Summer internships are typically held during May to August depending on the company’s timeline and your availability.
January and February are prime months for competitively seeking out summer internships; it’s important to apply early because there are many applicants applying to the same field.
With college undergraduates going forward with their career, an internship abroad is a sure fire way of setting you apart from the rest, making you more attractive to your future employers.
That one internship you did over the summer abroad could be the difference between winning a job opportunity or losing it to someone who did it previously.
Three to five months will give you just enough time to submit your summer internship applications and to be able to go through the interview process smoothly.
If everything goes according to plan, you will have been placed with a company through AIP.

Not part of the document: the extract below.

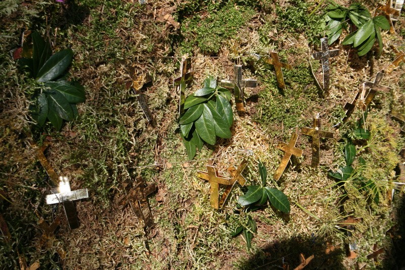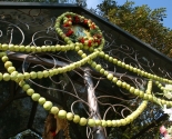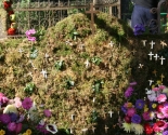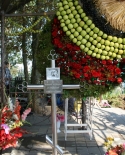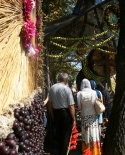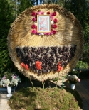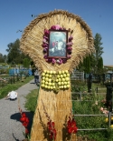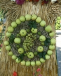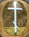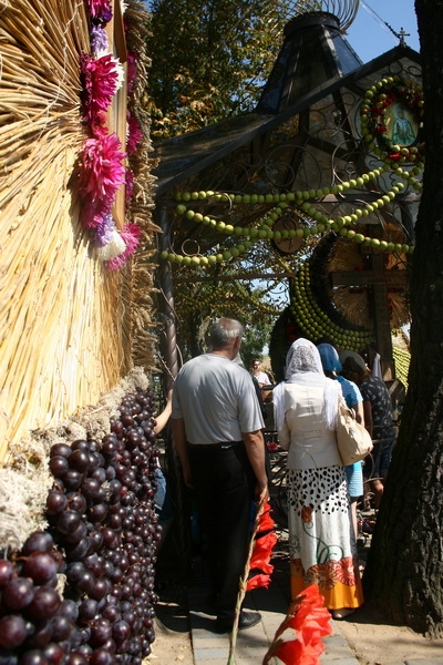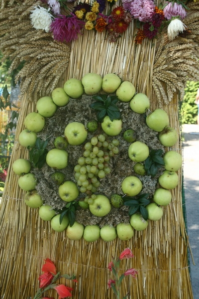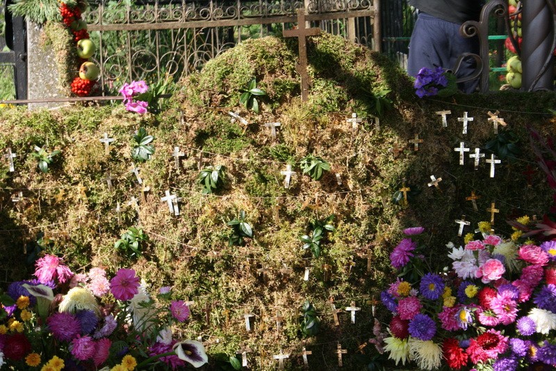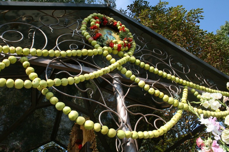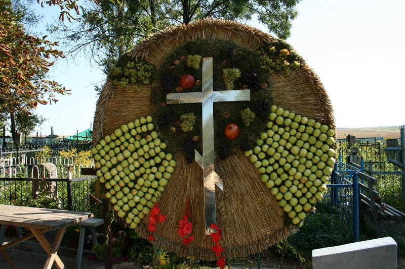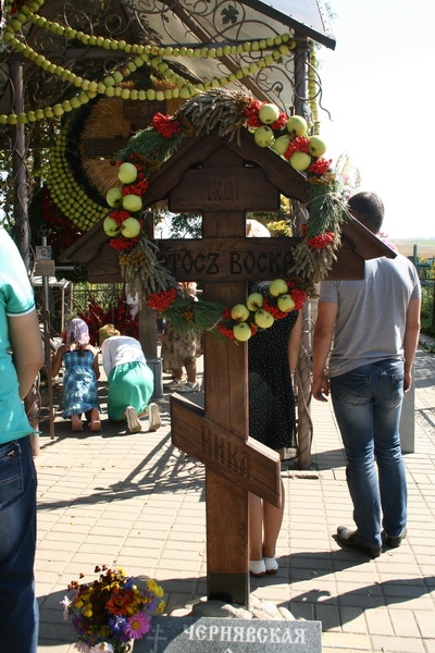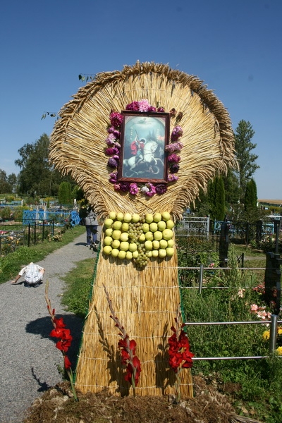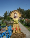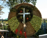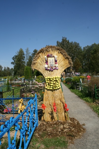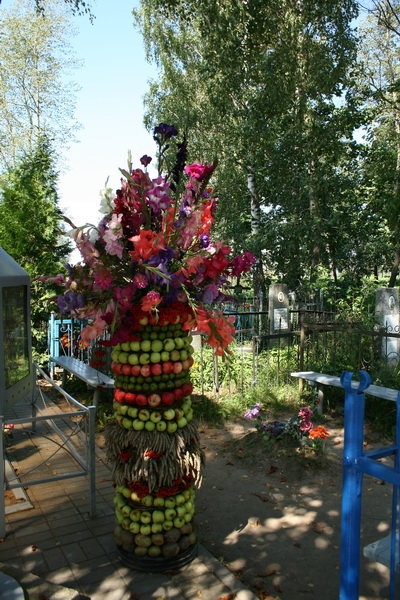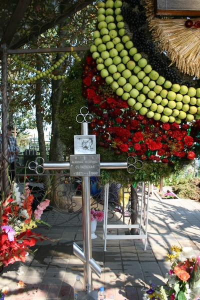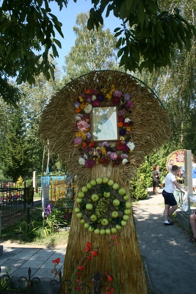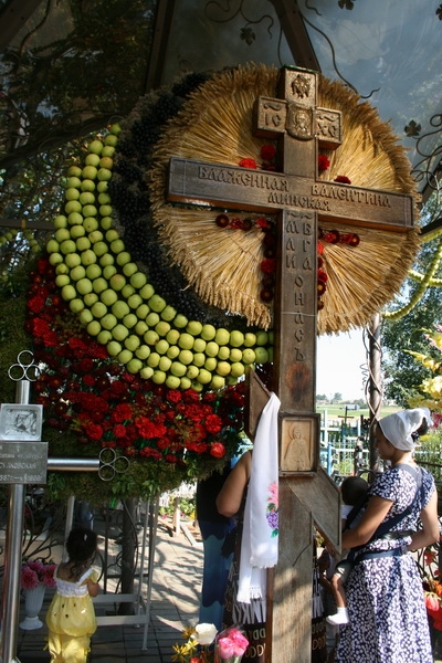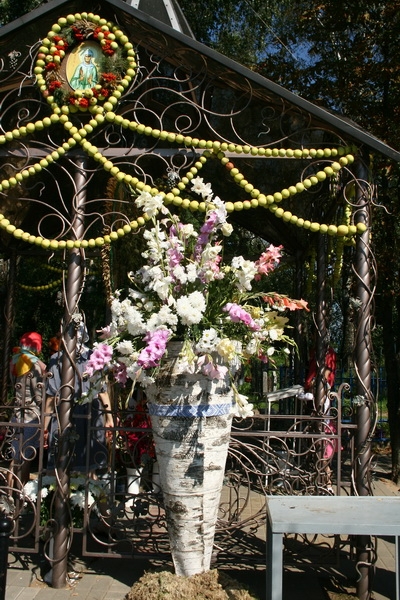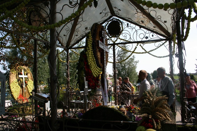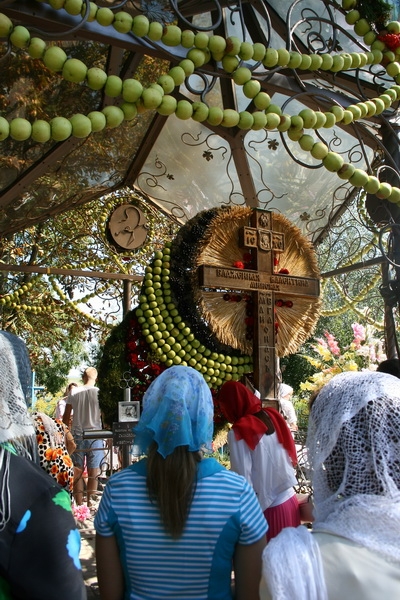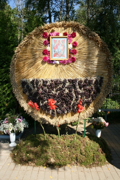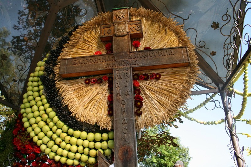Матушкину сень паломники украсили гирляндами из яблок. Крест у могилки блаженной Валентины Минской поразил удивительной конструкцией из колосков, винограда, яблок, георгин и мха.
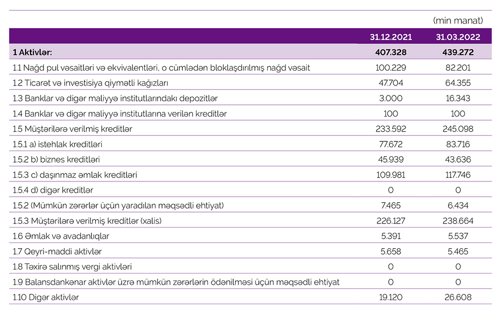 2021-ci ilin sonu ilə müqayisədə ilk rübdə "Azər-Türk Bank"ın cəmi aktivləri 31 milyon 944 min manat və ya 7,8% aratarq 31 mart 2022-ci il tarixində 439 milyon 272 min manata, o cümlədən, kredit portfeli (müştərilərə verilən kreditlər) 11 milyon 506 min manat və ya 4,9% artaraq 245 milyon 98 min manata çatıb.

Not entirely sure what to expect next?
We've provided you with the top 7 tips to make the most out of your summer internship.
Packing List For Summer
Of course, summer means a much hotter climate, unless you’re going to Australia.
In Asia, many destinations experience heat waves, monsoon rain, and humidity.
Especially during summer, it can get up to 40°C which is equivalent to 104°F.
Create a packing list to help you decide what to bring.
This is a no-brainer but bring your important documents such as but not limited to: passports and visa documents; extra copies of these may come in handy.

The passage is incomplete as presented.